Source data:
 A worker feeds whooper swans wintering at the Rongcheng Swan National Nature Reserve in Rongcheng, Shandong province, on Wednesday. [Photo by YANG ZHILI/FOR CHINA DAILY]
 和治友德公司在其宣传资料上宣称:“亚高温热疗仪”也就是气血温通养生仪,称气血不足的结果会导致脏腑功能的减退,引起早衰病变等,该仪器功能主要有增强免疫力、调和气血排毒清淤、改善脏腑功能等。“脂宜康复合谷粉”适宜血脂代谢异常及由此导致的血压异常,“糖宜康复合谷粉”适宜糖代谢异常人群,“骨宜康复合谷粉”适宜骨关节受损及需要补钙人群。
* * *
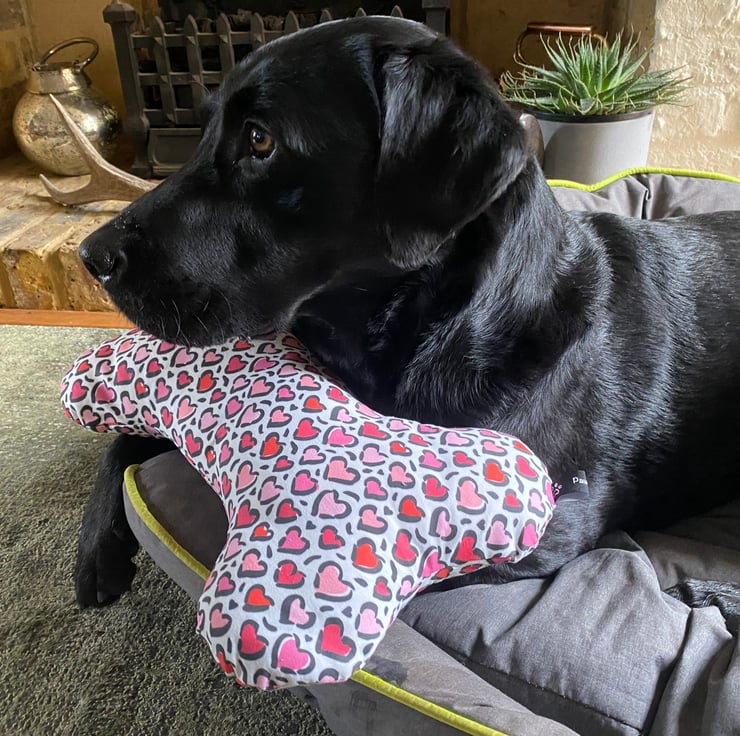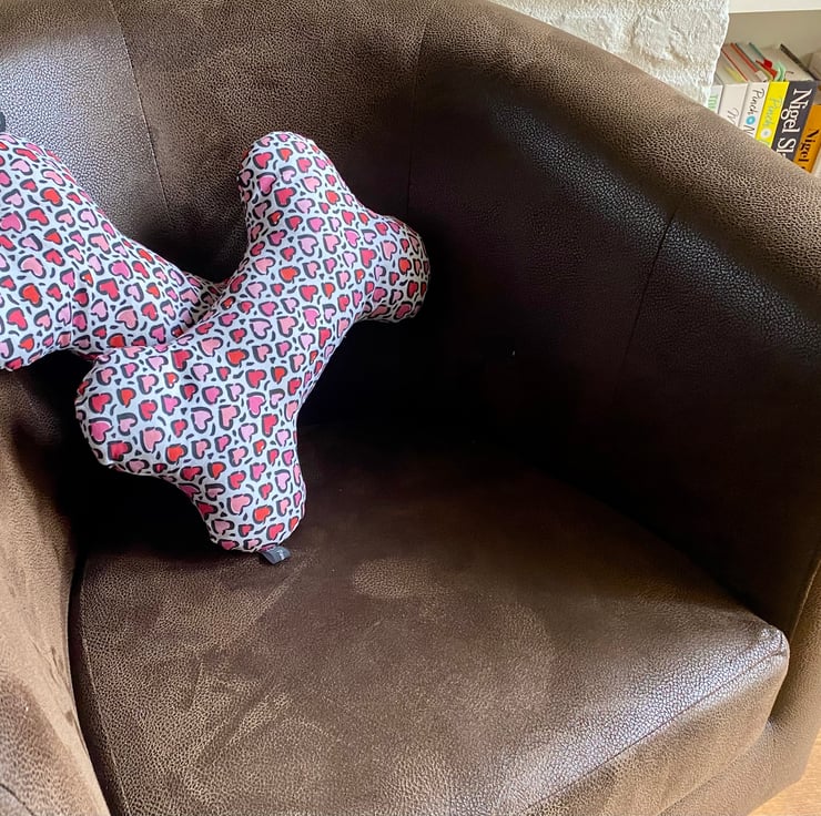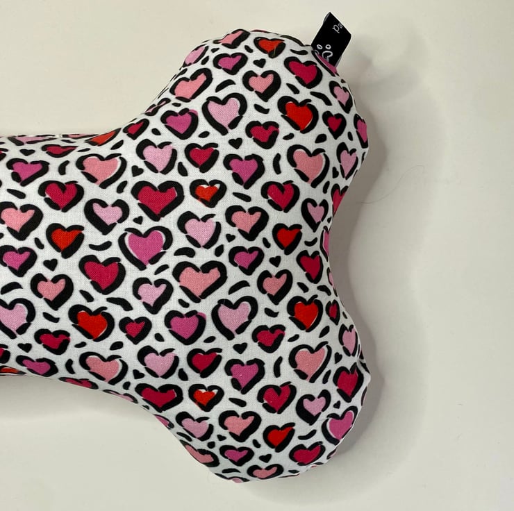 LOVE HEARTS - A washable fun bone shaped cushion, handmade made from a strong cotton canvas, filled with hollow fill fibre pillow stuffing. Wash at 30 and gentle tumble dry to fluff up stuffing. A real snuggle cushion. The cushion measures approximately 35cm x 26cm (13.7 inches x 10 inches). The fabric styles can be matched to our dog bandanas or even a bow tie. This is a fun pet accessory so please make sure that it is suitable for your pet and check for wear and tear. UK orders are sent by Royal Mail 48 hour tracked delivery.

Task: There is a run of lines above from the one with "A worker feeds" to the one with "和治友德公司在其宣传资料上宣"; print exactly that run, both ends included, and nothing else.

Solution to this problem:
 A worker feeds whooper swans wintering at the Rongcheng Swan National Nature Reserve in Rongcheng, Shandong province, on Wednesday. [Photo by YANG ZHILI/FOR CHINA DAILY]
 和治友德公司在其宣传资料上宣称:“亚高温热疗仪”也就是气血温通养生仪,称气血不足的结果会导致脏腑功能的减退,引起早衰病变等,该仪器功能主要有增强免疫力、调和气血排毒清淤、改善脏腑功能等。“脂宜康复合谷粉”适宜血脂代谢异常及由此导致的血压异常,“糖宜康复合谷粉”适宜糖代谢异常人群,“骨宜康复合谷粉”适宜骨关节受损及需要补钙人群。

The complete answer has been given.